[[ RECORDS PROVIDED, beginning ]]
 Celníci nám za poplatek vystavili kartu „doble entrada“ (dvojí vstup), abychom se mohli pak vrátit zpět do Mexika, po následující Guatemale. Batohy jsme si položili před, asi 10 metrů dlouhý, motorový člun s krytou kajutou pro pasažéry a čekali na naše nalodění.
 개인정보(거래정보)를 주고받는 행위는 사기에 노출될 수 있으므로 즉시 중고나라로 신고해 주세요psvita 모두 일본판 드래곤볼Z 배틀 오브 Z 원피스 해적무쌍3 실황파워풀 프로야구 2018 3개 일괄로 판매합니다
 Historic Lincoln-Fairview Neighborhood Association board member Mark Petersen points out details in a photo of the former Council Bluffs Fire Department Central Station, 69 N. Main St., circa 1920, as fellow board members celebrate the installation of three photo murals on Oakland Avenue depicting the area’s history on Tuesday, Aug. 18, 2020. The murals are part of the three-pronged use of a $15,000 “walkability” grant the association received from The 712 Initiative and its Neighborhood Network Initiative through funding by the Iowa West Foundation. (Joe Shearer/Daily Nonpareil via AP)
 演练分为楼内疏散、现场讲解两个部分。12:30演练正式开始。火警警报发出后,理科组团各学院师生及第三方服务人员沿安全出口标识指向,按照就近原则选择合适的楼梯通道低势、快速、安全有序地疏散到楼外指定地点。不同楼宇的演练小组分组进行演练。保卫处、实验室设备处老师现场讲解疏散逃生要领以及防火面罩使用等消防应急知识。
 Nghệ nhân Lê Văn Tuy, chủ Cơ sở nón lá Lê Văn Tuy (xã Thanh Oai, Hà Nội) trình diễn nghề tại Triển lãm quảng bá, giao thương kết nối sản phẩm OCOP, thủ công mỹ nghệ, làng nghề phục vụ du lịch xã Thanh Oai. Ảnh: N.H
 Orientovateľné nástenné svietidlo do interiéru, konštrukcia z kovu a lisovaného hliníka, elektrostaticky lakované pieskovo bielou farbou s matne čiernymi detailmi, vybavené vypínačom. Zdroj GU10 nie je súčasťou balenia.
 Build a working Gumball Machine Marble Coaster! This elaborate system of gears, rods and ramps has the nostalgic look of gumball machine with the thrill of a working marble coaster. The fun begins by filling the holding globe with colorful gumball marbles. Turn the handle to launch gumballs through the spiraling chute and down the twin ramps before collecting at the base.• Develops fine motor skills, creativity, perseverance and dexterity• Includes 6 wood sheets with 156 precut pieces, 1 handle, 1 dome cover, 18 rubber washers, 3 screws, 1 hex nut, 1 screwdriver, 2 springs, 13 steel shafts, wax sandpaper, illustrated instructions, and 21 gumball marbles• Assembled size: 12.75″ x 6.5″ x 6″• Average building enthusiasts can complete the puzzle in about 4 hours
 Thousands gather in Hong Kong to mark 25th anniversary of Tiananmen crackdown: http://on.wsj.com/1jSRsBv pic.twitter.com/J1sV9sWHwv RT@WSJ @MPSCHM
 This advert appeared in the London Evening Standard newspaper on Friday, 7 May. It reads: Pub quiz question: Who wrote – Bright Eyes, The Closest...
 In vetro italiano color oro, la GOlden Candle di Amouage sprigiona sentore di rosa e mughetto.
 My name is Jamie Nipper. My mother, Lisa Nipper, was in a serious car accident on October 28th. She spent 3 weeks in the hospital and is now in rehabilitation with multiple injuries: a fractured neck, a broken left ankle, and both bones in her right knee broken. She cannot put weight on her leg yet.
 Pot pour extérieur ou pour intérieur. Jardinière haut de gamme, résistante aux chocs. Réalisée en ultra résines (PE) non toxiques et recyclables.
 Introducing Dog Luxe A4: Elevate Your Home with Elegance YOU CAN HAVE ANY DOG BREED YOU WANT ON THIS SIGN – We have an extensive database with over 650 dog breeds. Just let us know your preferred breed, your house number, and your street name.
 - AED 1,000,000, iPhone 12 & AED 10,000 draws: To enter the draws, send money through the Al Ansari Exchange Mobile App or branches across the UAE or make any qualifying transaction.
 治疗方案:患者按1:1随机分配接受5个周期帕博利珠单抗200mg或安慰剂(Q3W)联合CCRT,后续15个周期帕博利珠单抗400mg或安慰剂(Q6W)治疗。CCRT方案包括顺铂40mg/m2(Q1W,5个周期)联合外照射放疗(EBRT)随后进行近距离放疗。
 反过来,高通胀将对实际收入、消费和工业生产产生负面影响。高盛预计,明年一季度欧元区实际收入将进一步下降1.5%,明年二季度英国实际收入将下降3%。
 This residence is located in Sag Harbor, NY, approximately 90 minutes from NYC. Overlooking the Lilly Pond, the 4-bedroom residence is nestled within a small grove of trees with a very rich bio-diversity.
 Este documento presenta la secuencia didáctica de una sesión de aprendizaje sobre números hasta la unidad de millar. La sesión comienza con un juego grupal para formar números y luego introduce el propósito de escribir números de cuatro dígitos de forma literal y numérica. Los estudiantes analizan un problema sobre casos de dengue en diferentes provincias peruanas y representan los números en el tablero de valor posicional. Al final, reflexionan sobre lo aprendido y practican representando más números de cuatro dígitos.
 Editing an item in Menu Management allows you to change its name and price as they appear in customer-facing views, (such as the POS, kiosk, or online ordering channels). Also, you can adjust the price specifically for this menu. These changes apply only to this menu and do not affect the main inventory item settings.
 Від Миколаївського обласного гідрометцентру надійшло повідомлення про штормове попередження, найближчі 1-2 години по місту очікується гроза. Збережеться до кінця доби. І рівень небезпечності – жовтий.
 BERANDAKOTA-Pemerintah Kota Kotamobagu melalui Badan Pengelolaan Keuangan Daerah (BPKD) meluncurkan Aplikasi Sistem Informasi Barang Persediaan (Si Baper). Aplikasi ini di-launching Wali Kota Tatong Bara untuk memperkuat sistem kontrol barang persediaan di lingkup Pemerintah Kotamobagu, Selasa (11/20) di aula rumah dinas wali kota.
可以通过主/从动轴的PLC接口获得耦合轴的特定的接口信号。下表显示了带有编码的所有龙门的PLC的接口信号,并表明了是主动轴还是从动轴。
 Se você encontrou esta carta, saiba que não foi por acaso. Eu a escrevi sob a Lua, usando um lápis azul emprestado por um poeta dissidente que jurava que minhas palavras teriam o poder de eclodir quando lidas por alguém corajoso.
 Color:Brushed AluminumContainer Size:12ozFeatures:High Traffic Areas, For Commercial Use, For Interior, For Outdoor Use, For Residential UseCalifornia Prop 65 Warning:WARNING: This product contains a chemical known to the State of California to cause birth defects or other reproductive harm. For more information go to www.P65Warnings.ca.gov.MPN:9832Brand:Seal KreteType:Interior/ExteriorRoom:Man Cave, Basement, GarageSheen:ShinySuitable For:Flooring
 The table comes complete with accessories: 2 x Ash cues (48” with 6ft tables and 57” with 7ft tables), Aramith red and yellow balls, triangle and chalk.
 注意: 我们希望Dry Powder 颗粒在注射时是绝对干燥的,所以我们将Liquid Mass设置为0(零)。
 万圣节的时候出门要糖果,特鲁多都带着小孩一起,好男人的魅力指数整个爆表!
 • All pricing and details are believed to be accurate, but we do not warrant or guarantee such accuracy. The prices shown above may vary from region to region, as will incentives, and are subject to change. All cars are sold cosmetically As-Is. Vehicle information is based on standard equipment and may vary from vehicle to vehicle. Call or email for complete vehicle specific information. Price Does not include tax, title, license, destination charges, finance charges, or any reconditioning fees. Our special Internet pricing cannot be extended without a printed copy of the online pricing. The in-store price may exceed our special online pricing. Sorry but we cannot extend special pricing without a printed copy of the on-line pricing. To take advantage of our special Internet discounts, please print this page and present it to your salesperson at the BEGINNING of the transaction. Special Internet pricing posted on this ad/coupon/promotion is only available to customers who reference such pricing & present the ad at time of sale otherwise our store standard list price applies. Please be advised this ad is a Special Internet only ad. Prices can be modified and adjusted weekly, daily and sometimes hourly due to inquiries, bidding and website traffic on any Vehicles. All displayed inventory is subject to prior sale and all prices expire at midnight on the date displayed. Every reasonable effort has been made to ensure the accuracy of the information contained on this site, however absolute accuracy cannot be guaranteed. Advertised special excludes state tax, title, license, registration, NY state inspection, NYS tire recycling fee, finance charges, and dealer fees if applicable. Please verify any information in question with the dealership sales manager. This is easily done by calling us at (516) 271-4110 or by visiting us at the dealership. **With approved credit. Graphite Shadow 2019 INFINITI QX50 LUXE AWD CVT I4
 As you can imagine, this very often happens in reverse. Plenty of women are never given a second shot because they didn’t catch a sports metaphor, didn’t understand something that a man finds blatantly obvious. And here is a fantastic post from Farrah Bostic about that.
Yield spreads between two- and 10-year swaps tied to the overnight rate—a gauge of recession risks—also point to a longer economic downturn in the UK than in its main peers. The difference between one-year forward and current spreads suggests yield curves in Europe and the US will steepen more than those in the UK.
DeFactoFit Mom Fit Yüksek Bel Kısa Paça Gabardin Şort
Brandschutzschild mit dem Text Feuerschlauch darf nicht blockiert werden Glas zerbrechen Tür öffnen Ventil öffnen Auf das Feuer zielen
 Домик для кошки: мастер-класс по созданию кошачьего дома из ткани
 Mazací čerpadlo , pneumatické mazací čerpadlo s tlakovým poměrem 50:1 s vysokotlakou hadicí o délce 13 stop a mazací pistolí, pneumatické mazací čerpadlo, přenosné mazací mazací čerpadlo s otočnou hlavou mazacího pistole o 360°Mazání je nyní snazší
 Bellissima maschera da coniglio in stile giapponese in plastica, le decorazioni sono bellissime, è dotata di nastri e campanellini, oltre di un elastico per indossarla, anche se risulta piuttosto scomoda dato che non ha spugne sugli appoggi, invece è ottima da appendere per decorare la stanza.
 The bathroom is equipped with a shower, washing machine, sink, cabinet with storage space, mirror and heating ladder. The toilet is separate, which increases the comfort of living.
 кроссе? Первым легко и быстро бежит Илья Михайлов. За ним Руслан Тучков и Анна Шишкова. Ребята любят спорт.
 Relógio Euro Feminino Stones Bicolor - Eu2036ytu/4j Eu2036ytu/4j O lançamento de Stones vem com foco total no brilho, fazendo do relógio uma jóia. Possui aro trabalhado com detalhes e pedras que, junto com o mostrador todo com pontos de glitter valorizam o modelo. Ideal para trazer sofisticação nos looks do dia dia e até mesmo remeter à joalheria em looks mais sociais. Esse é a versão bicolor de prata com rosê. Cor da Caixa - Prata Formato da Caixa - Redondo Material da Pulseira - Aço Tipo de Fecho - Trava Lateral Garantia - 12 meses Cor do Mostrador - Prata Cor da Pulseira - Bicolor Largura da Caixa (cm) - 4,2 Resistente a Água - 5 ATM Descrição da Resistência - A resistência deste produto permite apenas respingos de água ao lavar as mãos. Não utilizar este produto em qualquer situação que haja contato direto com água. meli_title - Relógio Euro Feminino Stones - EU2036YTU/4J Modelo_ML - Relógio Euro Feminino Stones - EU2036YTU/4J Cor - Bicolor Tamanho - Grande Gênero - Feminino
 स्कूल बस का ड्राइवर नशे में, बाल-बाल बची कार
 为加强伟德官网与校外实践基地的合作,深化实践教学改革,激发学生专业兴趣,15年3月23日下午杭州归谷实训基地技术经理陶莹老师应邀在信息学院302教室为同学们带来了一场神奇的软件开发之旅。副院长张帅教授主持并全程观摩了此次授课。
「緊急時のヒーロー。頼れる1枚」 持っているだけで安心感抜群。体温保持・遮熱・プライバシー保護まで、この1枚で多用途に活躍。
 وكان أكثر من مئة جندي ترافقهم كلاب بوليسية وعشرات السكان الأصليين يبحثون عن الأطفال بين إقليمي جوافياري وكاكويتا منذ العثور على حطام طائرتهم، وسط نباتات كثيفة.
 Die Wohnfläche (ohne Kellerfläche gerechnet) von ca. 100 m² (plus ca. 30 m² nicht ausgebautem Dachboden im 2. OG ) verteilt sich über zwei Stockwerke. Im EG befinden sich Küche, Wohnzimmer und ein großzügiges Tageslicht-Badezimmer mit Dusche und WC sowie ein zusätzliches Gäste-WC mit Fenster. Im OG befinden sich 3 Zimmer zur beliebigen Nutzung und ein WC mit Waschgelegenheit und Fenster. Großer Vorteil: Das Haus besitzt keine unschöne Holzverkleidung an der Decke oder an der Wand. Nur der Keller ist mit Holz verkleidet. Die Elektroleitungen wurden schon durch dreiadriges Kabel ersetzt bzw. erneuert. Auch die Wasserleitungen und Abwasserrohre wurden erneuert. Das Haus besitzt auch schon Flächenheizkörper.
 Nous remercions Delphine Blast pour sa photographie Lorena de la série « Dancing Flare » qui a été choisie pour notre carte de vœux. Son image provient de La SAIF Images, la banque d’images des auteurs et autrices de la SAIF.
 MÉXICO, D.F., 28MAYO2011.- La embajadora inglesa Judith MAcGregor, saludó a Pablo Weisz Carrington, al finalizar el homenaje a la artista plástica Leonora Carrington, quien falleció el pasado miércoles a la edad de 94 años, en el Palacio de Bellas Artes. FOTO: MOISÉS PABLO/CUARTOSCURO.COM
[[ RECORDS PROVIDED, end ]]
WHAT IS EXPECTED ▸ Please say only the number of lines in the data that hold "pour".

TASK RESPONSE ▸ 2